Казалось бы, ничего особенного, и всё же эти мгновения были знаменательными. Он мог видеть, мог снова говорить! Я дала больному поспать часа полтора, а потом принесла большую миску супа и только присела и собралась его кормить, как он мгновенно проснулся. Поначалу он не разговаривал, лишь глотал ложку за ложкой — даже, можно сказать, жадно; видно, суп ему нравился. Он опорожнил всю миску. А потом произнёс:
— Я был... далеко. — У него и голос стал чуть сильнее. — Ты играла... очень тихо, еле слышно. Я прислушивался, как мог... — Он задохнулся и замолчал. — Музыка постепенно уходила куда-то... но я слушал изо всех сил, и она вернулась...
Я проговорила:
— Вы ещё слишком слабы, чтобы разговаривать. Поберегите силы. Но я рада, что вы слышали мою музыку.
Бедный мистер Лумис. Думаю, он хотел сказать, что моя игра помогла ему выжить. Интересно, а моё чтение он тоже слышал?
Слышал.
На следующий день сил у больного прибавилось вдвое. Температура упала до ста одного, а я ведь даже не обтирала его спиртом. Мистер Лумис начал понемногу двигаться, хотя есть самостоятельно по-прежнему не мог. Глаза ему удавалось держать открытыми дольше, и он мог сфокусировать взгляд на предметах обстановки. Когда он снова заговорил, голос его был менее сиплым и дрожащим. Но он по-прежнему всё время возвращался мыслями к минувшим тягостным дням.
— Кажется, я ушёл далеко-далеко от... от всего. И уносился ещё дальше. Там было очень холодно. И трудно дышать. Но тут до меня донёсся твой голос, и я остановился и пока слышал тебя, никуда не двигался. Точно так же было и с музыкой.
— Но сейчас вам гораздо лучше.
— Да.
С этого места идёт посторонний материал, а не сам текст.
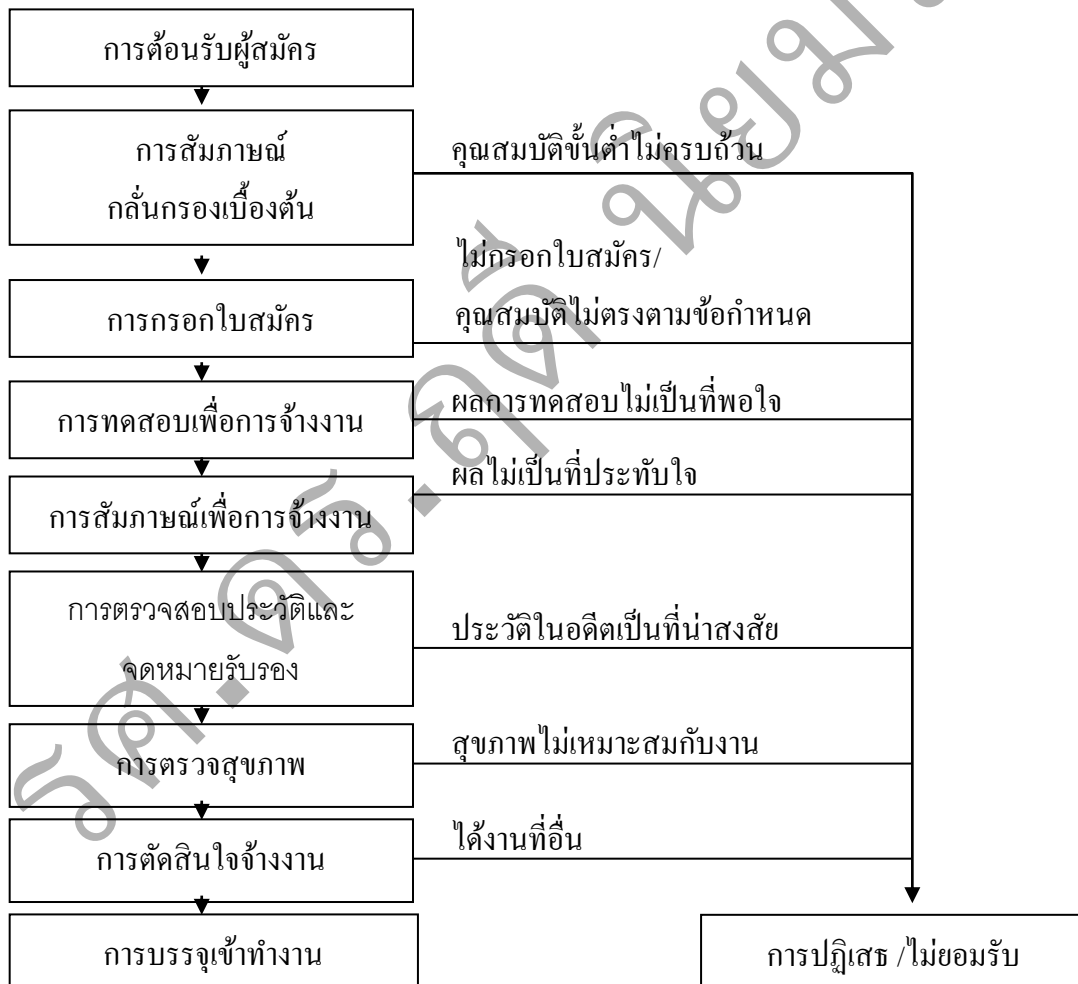
ภาพที่ 4.2 กระบวนการคัดเลือกบุคลากร ที่มา (สุนันทา เลहनันท์, 2542, หน้า 155; อ้างอิงจาก De Cenzo & and Stephen P., nd., p. 173)

2.2 กระบวนการคัดเลือกบุคลากร หลังจากที่คุณดำเนินการสรรหาได้ดำเนินการเพื่อจูงใจให้บุคคลที่มีความรู้ความสามารถสมัครงานในตำแหน่งต่างๆ ตามที่องค์กรประกาศรับแล้ว กิจกรรมขั้นต่อไปเป็นการคัดเลือกเพื่อกลั่นกรองบุคคลที่มีคุณสมบัติครบตามเกณฑ์และปฏิเสธบุคคลที่ขาดคุณสมบัติที่เหมาะสม กระบวนการคัดเลือกบุคลากรจึงประกอบด้วย 8 ขั้นตอน ซึ่งเป็นกิจกรรมที่ปฏิบัติอย่างต่อเนื่อง กล่าวคือถ้าผู้สมัครคนใดผ่านขั้นตอนที่ 1 ได้ก็จะได้เข้าสู่ขั้นตอนที่ 2 และ 3 ต่อไปจนครบทุกขั้นตอน แต่หากผู้สมัครไม่สามารถผ่านขั้นตอนใดขั้นตอนหนึ่งไปได้อาจถูกปฏิเสธออกจากกระบวนการคัดเลือก อย่างไรก็ตามการลำดับขั้นตอนของกระบวนการคัดเลือกแต่ละองค์การอาจแตกต่างกัน ความสัมพันธ์ของกระบวนการทั้ง 8 ขั้นตอนแสดงในภาพที่ 4.2 และมีรายละเอียดดังต่อไปนี้ (สุนันทา เลहनันท์, 2542, หน้า 156 – 160)

Мне уже не так холодно.
Я кормила его кремом и супом каждые два часа; и с каждым разом он, казалось, становился всё голоднее. Фактически, к нему вернулся здоровый аппетит, и на третий день я перевела своего пациента на твёрдую пищу. Понятное дело, мистер Лумис навёрстывал упущенное за все те дни, когда он ничего не ел. По моим прикидкам, за время болезни он потерял фунтов пятнадцать [17], а то и больше.